Ni siquiera podría seguir llevándole la correspondencia a lord Carlisle para que la enviara por ella. Sus abuelos no le habían quitado el ojo de encima desde el momento de la firma del contrato. Y tampoco iba a toparse con él casualmente, incluso si podía salir de la casa. De acuerdo con la sección sensacionalista de los periódicos, lord Carlisle no había sido visto en semanas. Grace bajó la frente sobre su escritorio y suspiró.

¿Sería eso también culpa suya? ¿No tendría más tiempo para asistir a ningún evento? ¿O simplemente se habría quedado sin dinero? Ella podía imaginarlo fácilmente renunciando a todas las comodidades y diversiones con el fin de ahorrar sus monedas de un centavo una vez que se hubieran casado.

Su barbilla se hundió en su pecho. En momentos como este, Grace echaba de menos a su madre tan desesperadamente que sentía su corazón vacío y un anhelo interminable. Su madre la abrazaría, le diría lo mucho que la quería y no la soltaría nunca. Pero mamá no estaba aquí. Ella ni siquiera sabía si estaría viva. La primera oportunidad de navegar de vuelta a América no sería hasta la próxima semana. Hasta el día después de la boda.

Cerró los ojos. Oh, Oliver. Su corazón le dolía al pensar lo que estaba a punto de hacerle. No quería tener que dejarlo. Podría decirle que era por su propio bien, que estaría mejor sin otra boca que alimentar o un dependiente al que cuidar, pero había visto la calidez en sus ojos cuando le había besado en la frente. Tal vez se arrepentía de estar prometido, pero no sentía estarlo con ella.

Solo Dios sabía que era un sentimiento mutuo. ¡Cómo deseaba que las cosas hubieran sido diferentes! Sus nervios chisporroteaban con frustración. Dado que sus abuelos se negaban a mandarle ayuda a su madre, ella no tendría más remedio que marcharse después de la boda. No sería culpa de Oliver si no llegaba hasta su madre antes de que fuera demasiado tarde, pero todavía estaría resentida durante el resto de su vida. No podría obligarles a ambos a pasar por eso. Sus manos comenzaron a temblar mientras que se mecía en su silla.
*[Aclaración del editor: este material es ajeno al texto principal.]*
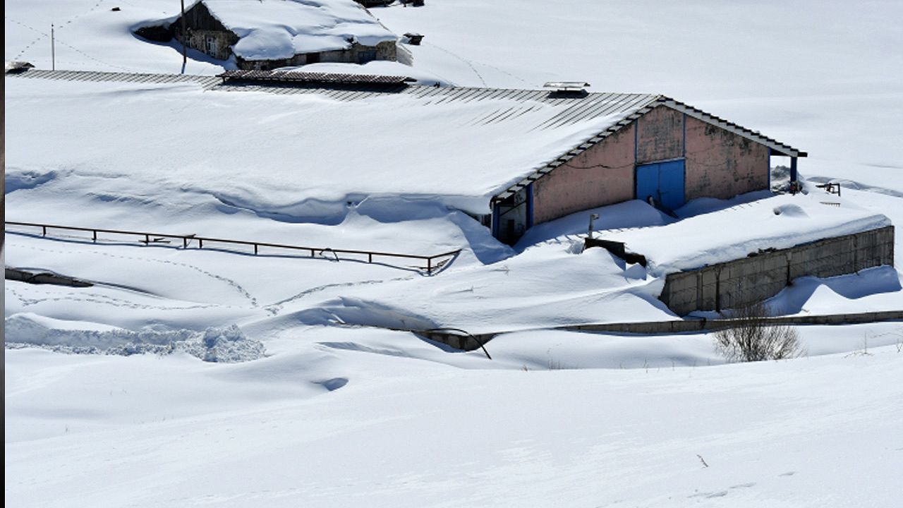 Ülke genelinde ilkbahar mevsiminin yaşandığı bugünlerde Doğu Anadolu Bölgesi'nde yer alan bu köydeki evler, ahırlar ve araçlar, geçen haftalarda etkili olan yağışla kar altında kaldı.

Grace se frotó la parte posterior de su cuello, apretando más de lo necesario. No había respuestas. Volvería a casa y, si su madre estaba lo suficientemente sana, la traería de vuelta. Y si estaba demasiado enferma o llegaba demasiado tarde... bueno, el dinero ya habría desaparecido de todos modos. Ella se gastaría hasta el ultimo centavo en medicinas y cirujanos si era necesario. Si eso no funcionaba, no habría tumba que excavar, ninguna piedra que comprar y un "año" de duelo, que nunca terminaría de verdad...

No. Ella se puso de pie. No podía pensar de esta manera. Grace tenía las manos atadas hasta después de la ceremonia, pero estaría en el primer barco a la mañana siguiente. Hasta entonces, tenía que mantener la calma, intentar respirar calmadamente. Solo quedaba una semana. ¡Menos! Seis interminables días. Entonces, tendría a Carlisle para sí misma en un torbellino de felicidad durante veinticuatro horas. Estaba decidida a saborear cada momento del día de su boda. Su noche de bodas.

Porque a la mañana siguiente, estaría en un barco. La simple idea la llenaba de tanto arrepentimiento como de alivio a partes iguales. Pero, ¿qué otra cosa podía hacer? Carlisle entendería la necesidad de rescatar a su madre. Tenía que entenderlo. Se le rompería el corazón si no lo hacía.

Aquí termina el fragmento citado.